State-wide Deployment: As mentioned earlier, it has been close to impossible to hire good quality IT support staff in the municipalities. The risks arising out of this have been largely mitigated by the fact all the applications are web-based, deployed from a central data centre located in Bangalore. This has two obvious advantages – ease of deployment (of bug-fixes, upgrades etc) coupled with easy access to trained manpower (technical and functional support). The potential risk in a centralised deployment model is that of connectivity from the municipalities, especially the smaller, remote ones. In Karnataka, broadband connectivity is available from about 30 of the 57 municipalities and for the rest, ISDN connectivity is available – in both these cases, the costs are expected to fall over time even as reliability keeps going up.

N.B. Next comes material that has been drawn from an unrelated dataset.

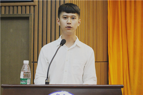 老学员代表、机械工程系数控S14-3班的朱添博同学发言。他分享了自己入党过程学到的知识、经验及感受,鼓励同学们努力学习,树立正确的目标,戒骄戒躁,严于律己,全面成才成长,努力将自身价值体现到伟大祖国的建设中去,并祝愿新学员们争取早日成为合格的共产党员。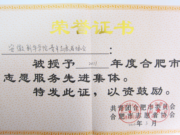 bat365青年志愿者协会获评2011年合肥市志愿服务先进集体

Transition and Ongoing Support: The Nodal Firm (IPE) and the software development agency (eGov) are responsible for the successful implementation of the reform processes and systems. The sustain-ability depends on the govern-ment’s ability to absorb them and ensure that they are inter-woven into the fabric of governance. Karnataka has taken an important step in this direction by setting up an internal competence centre comprising of the EMC (Expert Management Cell) staffed by accounts personnel for functional support and municipal-IT support centre for technical support. The state is exploring alternatives to set up a sustainable institutional arrangement, which would allow, among other things, the employee salaries to be in line with the market salaries, outside the constraints im-posed by the government pay structures.
The Road Ahead
In Karnataka, the first set of applications has been implemented. These are the Public Grievance and Redressal System, City Websites and most recently, Financial Management System. In the coming months, the Property Tax System and Birth/Death Registration systems would be rolled out. Over the next couple of years, the application footprint will be expanded to cover other areas, especially the two largest expenditure functions of the ULBs – establishment expenses (Payroll) and Engineering Works. In parallel, a separate project is in the pipeline to deploy these applications across the remaining 165 municipal administrations of the state. The intent is very clear – leverage e-Governance applications and IT technologies to streamline operations; provide decision support tools; improve accountability and transparency – leading up to improved financial sustainability and ultimately, better service delivery to the citizens.